Pak likely to allow US military trainers: US TV
WASHINGTON: US military trainers will be invited back into Pakistan "as early as April or May," but Pakistan has ruled out...
WASHINGTON: US military trainers will be invited back into Pakistan "as early as April or May," but Pakistan has ruled out allowing CIA drones back into the country, US media reported.
Relations between the two nations have been at an all-time low since 24 Pakistani soldiers were killed in an inadvertent aerial attack by Nato in November.
The parliament is reviewing the nature of its relationship with the US, and politicians are expected on January 30 to deliver a list of conditions for cooperation to resume.
The stipulations will include no covert CIA or military operations on the ground in Pakistan, and no unauthorized incursions into its airspace. Drones, which are the CIA's biggest weapon against militants hiding in the tribal belt dividing Afghanistan and Pakistan, "can never return," a senior Pakistani official told the US channel.
"They will never be allowed back, at Shamsi or anywhere else," the official added.
In return, Pakistan would allow back US military trainers, including special forces teams, and a resumption of close cooperation with the CIA in targeting militants.
It would also reopen the Torkham and Chaman border crossings into Afghanistan, which have been closed to NATO supply convoys since the attack.
Progress can be rapid once the conditions would be presented to the America.

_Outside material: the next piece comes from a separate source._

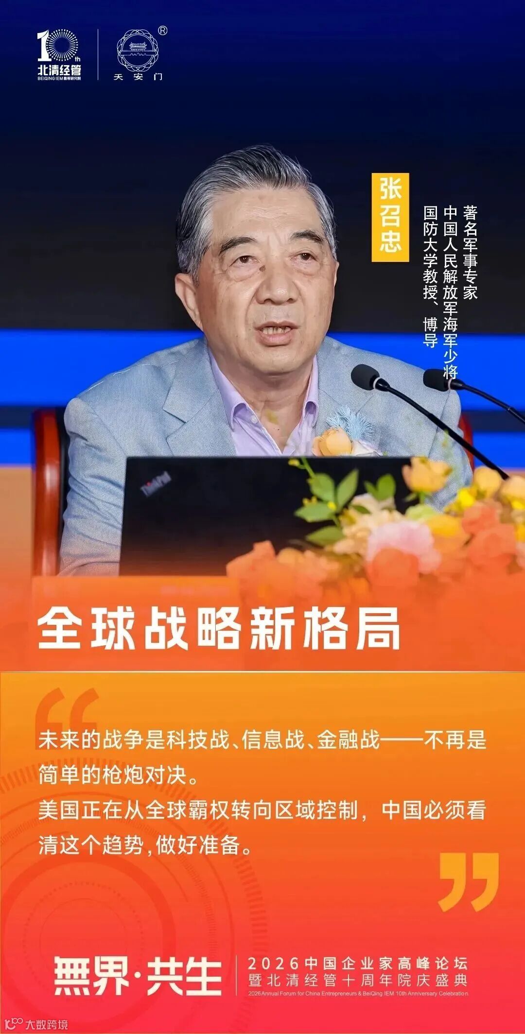 著名军事专家、中国人民解放军海军少将、国防大学教授 / 博导 张召忠:“未来的战争是科技战、信息战、金融战 —— 不再是简单的枪炮对决。美国正在从全球霸权转向区域控制,中国必须看清这个趋势,做好准备。”

Islamabad also would reopen its doors to high-level US diplomats after an embarrassing snub this week to President Obama's special envoy to the region, Marc Grossman, who was denied his request to visit Pakistan in the middle of his tour of South Asia.
Pakistan wants working conditions with Washington that provide "respect for the nation, its sovereignty - both its soil and airspace - and equal terms of cooperation."